Dysregulated RNA splicing impairs regeneration in alcohol-associated liver disease

Abstract

Individuals with progressive liver failure risk dying without liver transplantation. However, our understanding of why regenerative responses are disrupted in failing livers is limited. Here, we perform multiomic profiling of healthy and diseased human livers using bulk and single-nucleus RNA- and ATAC-seq. We report that in alcohol-associated liver disease, alterations in the hepatic immune milieu prevent hepatocytes from transitioning to proliferative progenitors. We also find differences in RNA binding protein expression, particularly of the ESRP, PTBP, and SR families, leading to misregulation of developmentally controlled RNA splicing.

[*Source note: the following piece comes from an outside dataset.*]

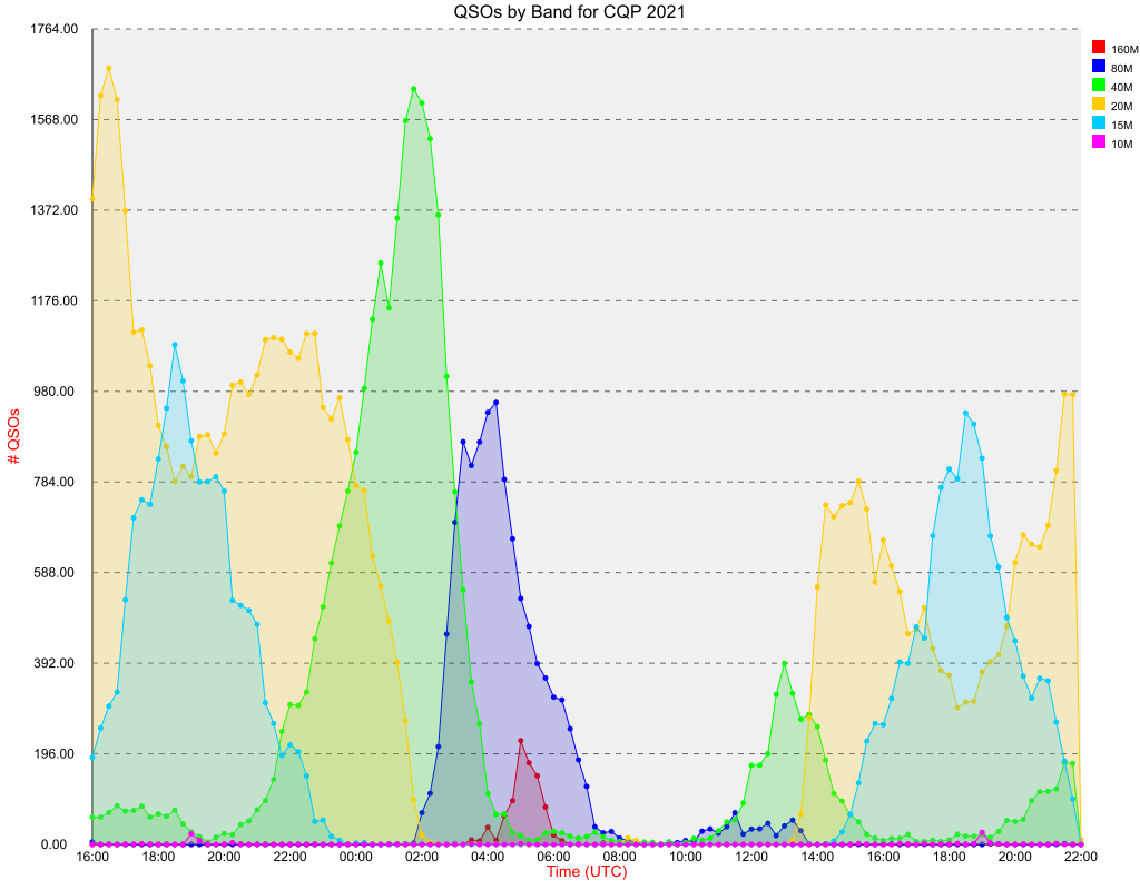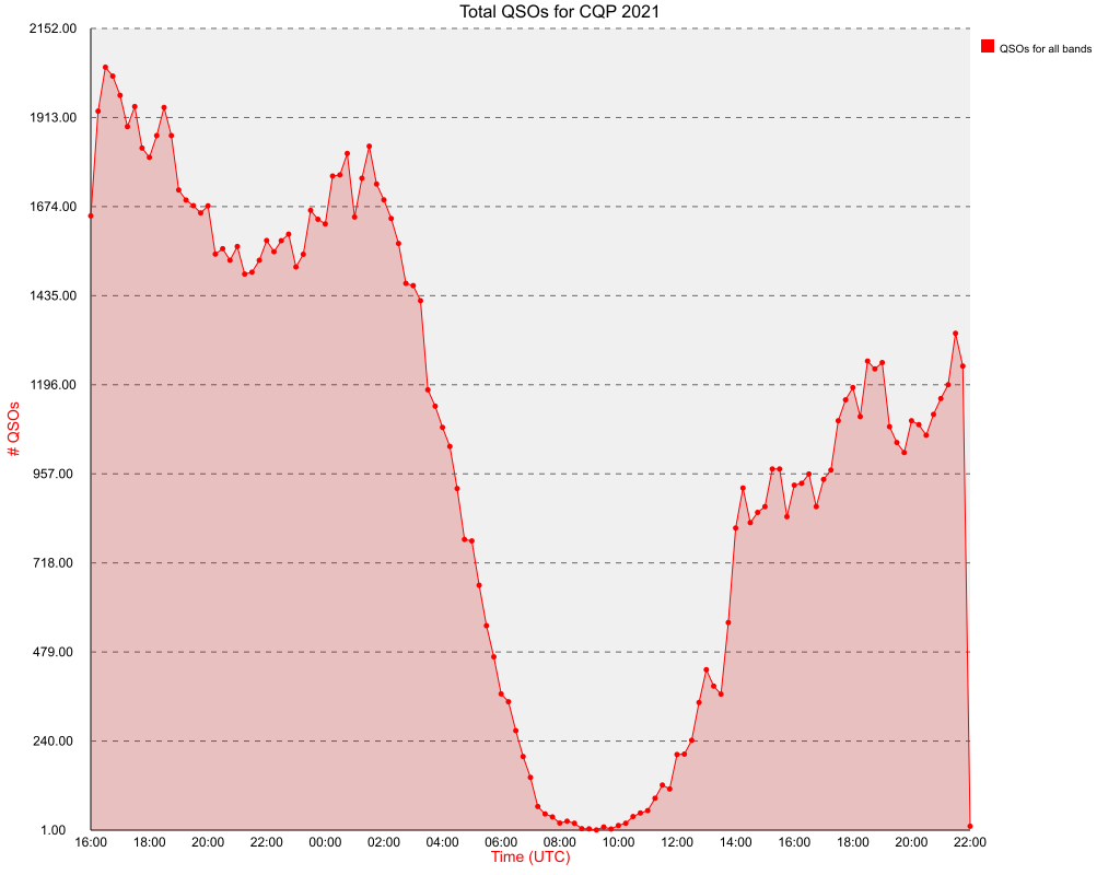 Total Number of QSOs by Hour and By Band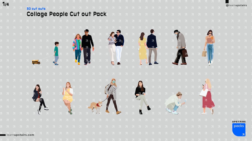 This pack is a collection of 50 unique collage people, custom-drawn by the Upstairs team to ensure you get assets you won’t find anywhere else. Each figure is meticulously crafted in Adobe Illustrator, providing you with editable vector shapes for the highest level of quality.

Our data pinpoint ESRP2 as a disease-sensitive splicing factor and support a causal role for its deficiency in the pathogenesis of severe alcoholic hepatitis. Notably, splicing defects in Tcf4 and Slk, two ESPR2 targets, alter their nuclear localization and activities, disrupting WNT and Hippo signaling pathways that are critical for normal liver regeneration. We further demonstrate that changes in stromal cell populations enrich failing livers with TGF-β, which suppresses the ESRP2-driven epithelial splicing program and replaces functional parenchyma with quasi-progenitor-like cells lacking liver-specific functions. Taken together, these findings indicate that misspliced RNAs are effective biomarkers for alcohol-associated liver disease, and targeting them could improve recovery in affected individuals.

Fig. 1. Multiomic profiling of human alcohol-associated liver diseases.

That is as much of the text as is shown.